» **WHAT THE TASK ASKS**
Starting with the line that has "Survived By Son, James" in the records below and stopping after the line that has "В каждой шутке", output every line exactly and nothing else; skip pictures.

» **INPUT DATA**
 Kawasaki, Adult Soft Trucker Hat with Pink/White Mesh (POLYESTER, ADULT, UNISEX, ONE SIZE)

==

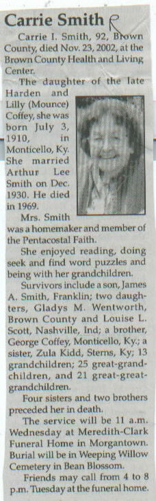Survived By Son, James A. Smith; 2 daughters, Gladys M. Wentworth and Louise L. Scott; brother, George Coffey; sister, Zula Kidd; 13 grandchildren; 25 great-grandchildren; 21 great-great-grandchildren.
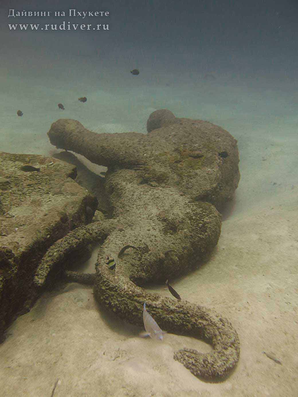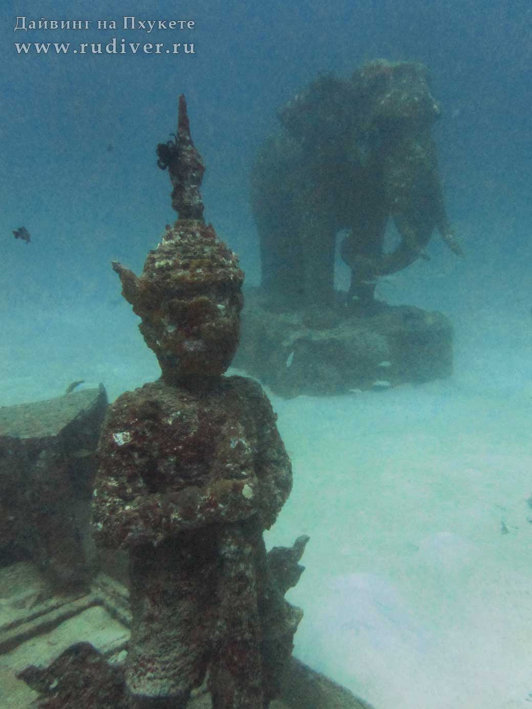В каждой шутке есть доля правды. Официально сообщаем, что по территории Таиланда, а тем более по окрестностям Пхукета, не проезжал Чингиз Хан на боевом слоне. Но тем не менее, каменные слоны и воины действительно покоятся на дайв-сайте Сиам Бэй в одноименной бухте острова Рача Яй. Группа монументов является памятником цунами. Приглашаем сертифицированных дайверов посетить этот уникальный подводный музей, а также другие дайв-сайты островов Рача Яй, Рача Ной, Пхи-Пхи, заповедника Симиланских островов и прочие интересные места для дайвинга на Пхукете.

...

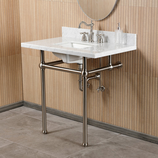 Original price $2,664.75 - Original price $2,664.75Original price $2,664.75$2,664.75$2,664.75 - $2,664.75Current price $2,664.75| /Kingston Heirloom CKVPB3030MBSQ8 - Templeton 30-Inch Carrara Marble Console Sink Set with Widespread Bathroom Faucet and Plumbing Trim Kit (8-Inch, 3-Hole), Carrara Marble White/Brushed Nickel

» **COMPLETED EXERCISE**
Survived By Son, James A. Smith; 2 daughters, Gladys M. Wentworth and Louise L. Scott; brother, George Coffey; sister, Zula Kidd; 13 grandchildren; 25 great-grandchildren; 21 great-great-grandchildren.
В каждой шутке есть доля правды. Официально сообщаем, что по территории Таиланда, а тем более по окрестностям Пхукета, не проезжал Чингиз Хан на боевом слоне. Но тем не менее, каменные слоны и воины действительно покоятся на дайв-сайте Сиам Бэй в одноименной бухте острова Рача Яй. Группа монументов является памятником цунами. Приглашаем сертифицированных дайверов посетить этот уникальный подводный музей, а также другие дайв-сайты островов Рача Яй, Рача Ной, Пхи-Пхи, заповедника Симиланских островов и прочие интересные места для дайвинга на Пхукете.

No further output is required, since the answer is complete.